| ACTIVITY |
Every line from the one with "Дерев’яна дошка Монтессорі" to the end of the listing, and nothing else, is to be printed exactly; please leave the pictures out.

| PROVIDED MATERIAL |
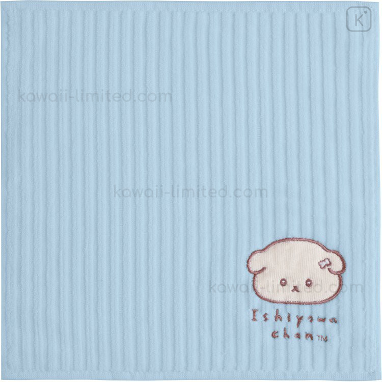 Japan San-X Mini Towel Handkerchief - Ishiyowa-chan : Introducing Kouhai-chan Embroidered Blue
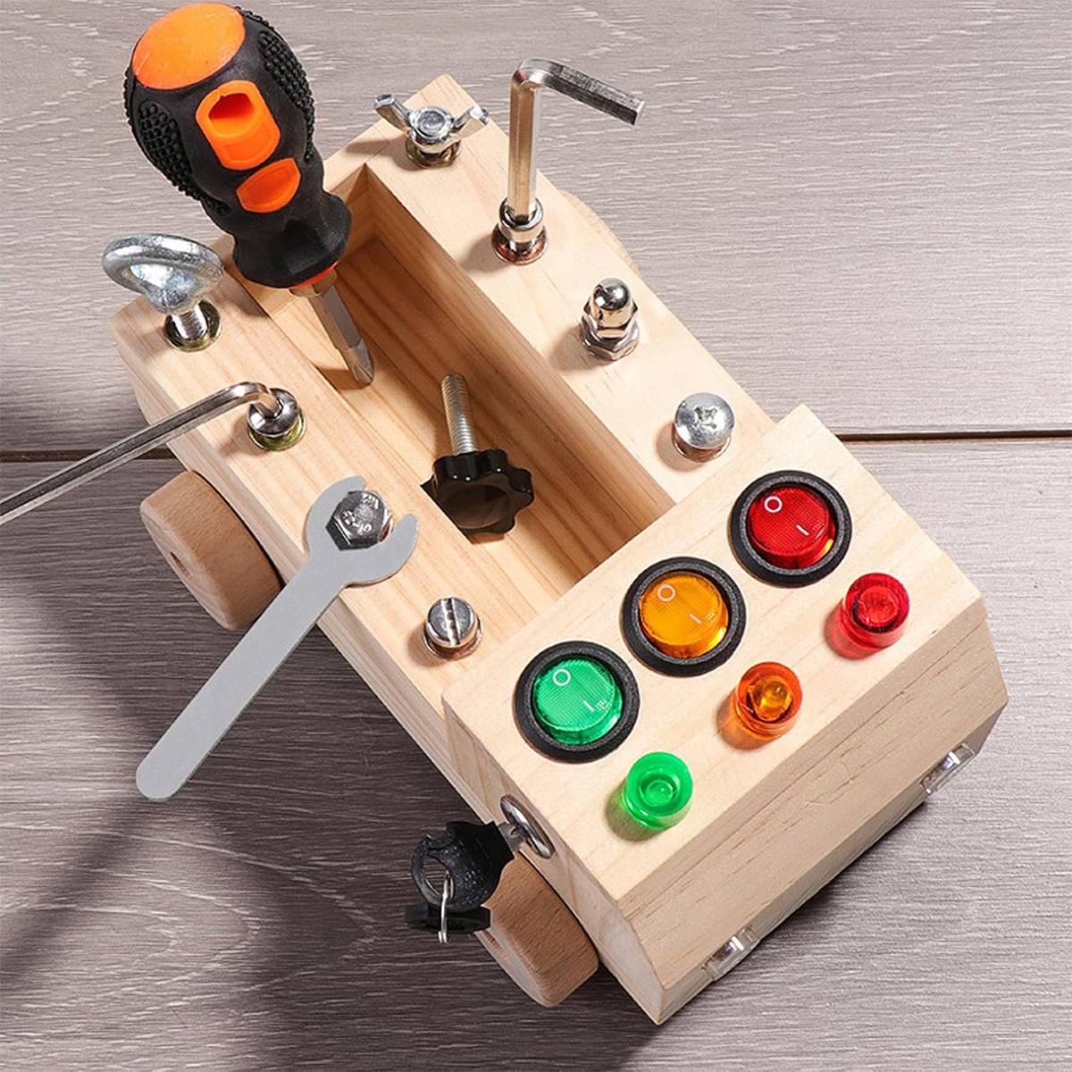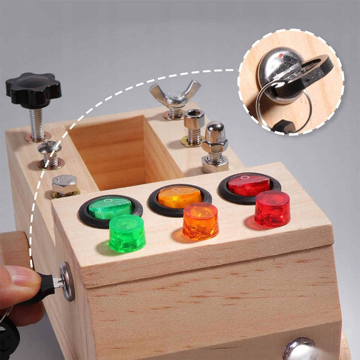 Дерев’яна дошка Монтессорі з гвинтами розроблена спеціально для дітей, яким подобаються вимикачі та світлодіоди. Він містить ручки, які відповідають перемикачам, і повний набір аксесуарів, які розвивають у дітей ручні та практичні навички, дозволяючи їм навчатися самостійно та долати труднощі.
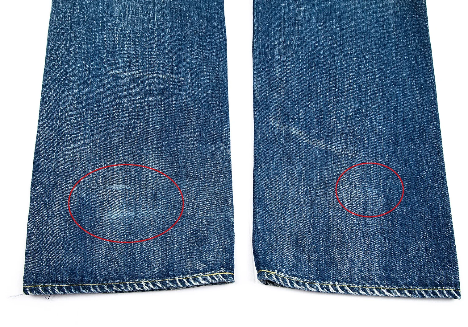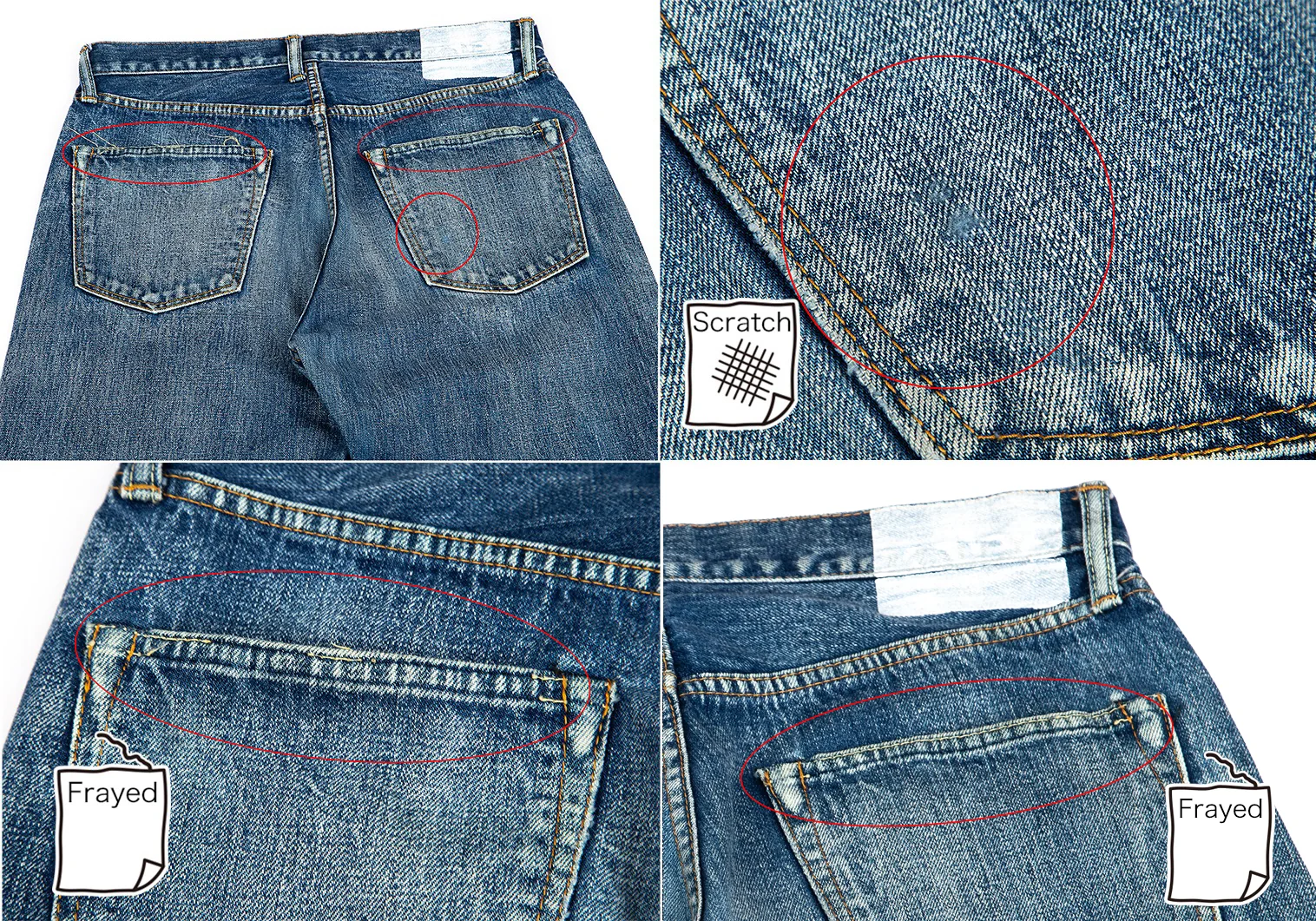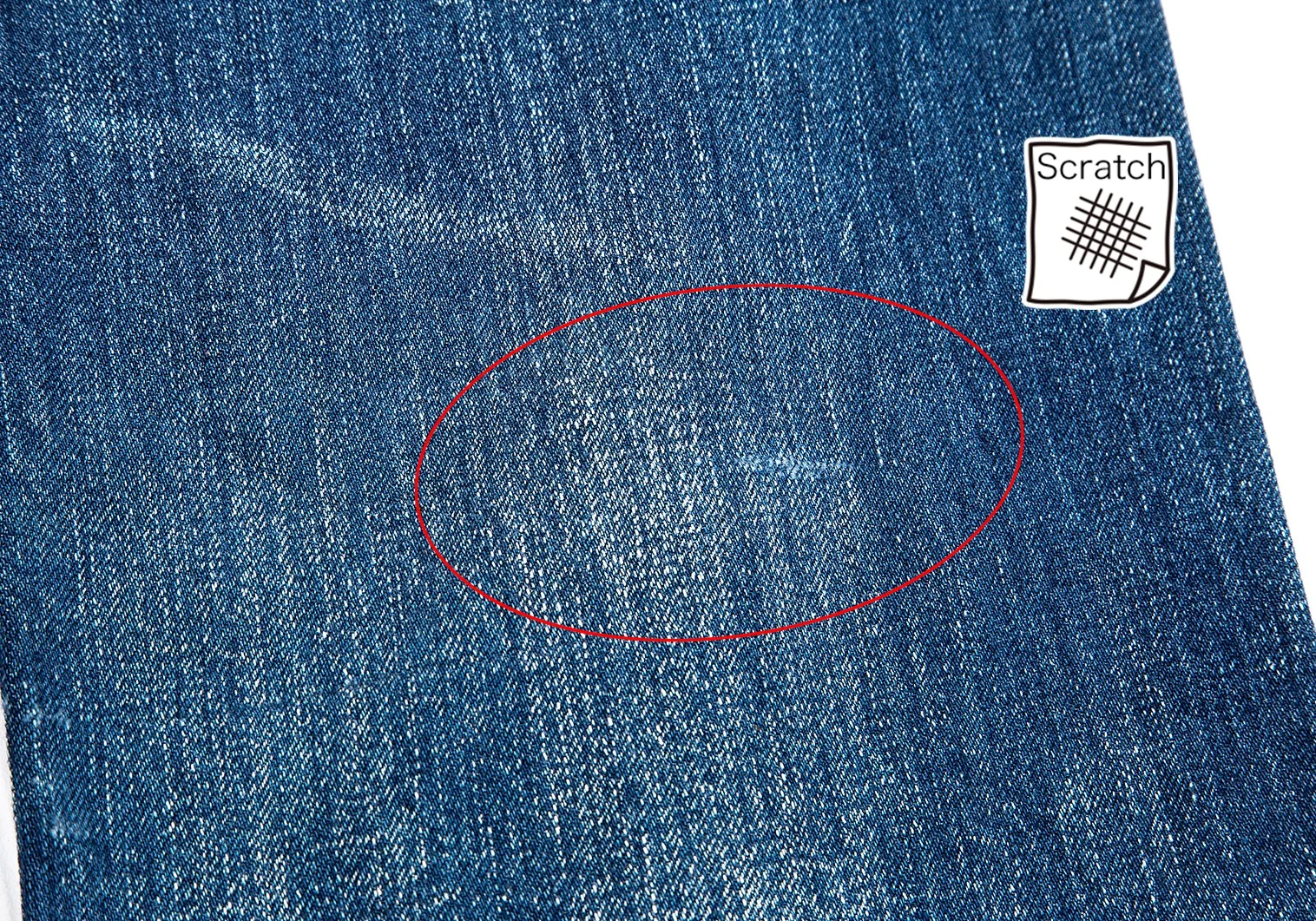 股下にスレ、点シミ、後ろポケットステッチ切れ・スレ、裾表裏に折り跡があります。(写真参照)その他目立ったシミ、汚れ、ほつれ等ありません。クリーニング済み
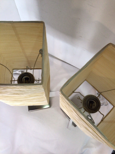 Pair Silver/Cream Metal Paper Lamp Set

| SOLUTION TO THE EXERCISE |
 Дерев’яна дошка Монтессорі з гвинтами розроблена спеціально для дітей, яким подобаються вимикачі та світлодіоди. Він містить ручки, які відповідають перемикачам, і повний набір аксесуарів, які розвивають у дітей ручні та практичні навички, дозволяючи їм навчатися самостійно та долати труднощі.
 股下にスレ、点シミ、後ろポケットステッチ切れ・スレ、裾表裏に折り跡があります。(写真参照)その他目立ったシミ、汚れ、ほつれ等ありません。クリーニング済み
 Pair Silver/Cream Metal Paper Lamp Set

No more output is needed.